Waterbury decided he had let too much time pass without making his presence known and said, "Let's all sit. Tran and Drummond, I believe you owe us an after-action report."
Without further ado, the sheik moved immediately to the head of the table, which told you where he placed himself in the pecking order.
Waterbury moved to and then sat at the other end of the table-ditto.
Phyllis pulled out a chair from the middle and seated herself beside Bian.
You have to pay attention to these things. Apparently Phyllis no longer was in charge of this show, and Waterbury was now the man.
Of course, Waterbury couldn't wait to confirm this, looking at me and saying in a commanding tone I found very grating, "Drummond, you lead off. Begin with a brief summary of the operation for Sheik al-Fayef's benefit.

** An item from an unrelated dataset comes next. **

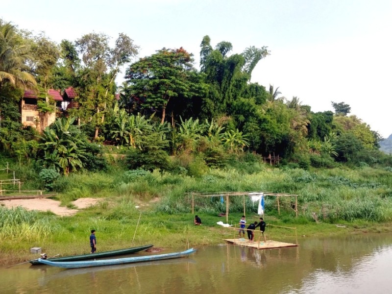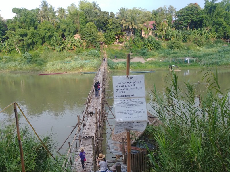 그러다가 마주치게 된 대나무 다리. 구글 맵을 보니 'Bamboo Bridge Nam Khan river'라고 표시가 되어 있었다. 남칸강은 우리가 머물고 있던 숙소 통베이 게스트하우스 테라스에서 보이던 가잉었는데, 그 강을 건너는 대나무 다리라니! 건너보고 싶었다.

Then I'd like to know everything you've learned."
Before I could say, "Up yours," Phyllis interjected, "And Sean, please… keep it brief. We've had a long, tiring flight." Which was code for, "Play along with this idiot, and watch what you say in front of our berobed friend. And, yes, and since you didn't ask-traveling five thousand miles in the company of Mark Waterbury really did suck."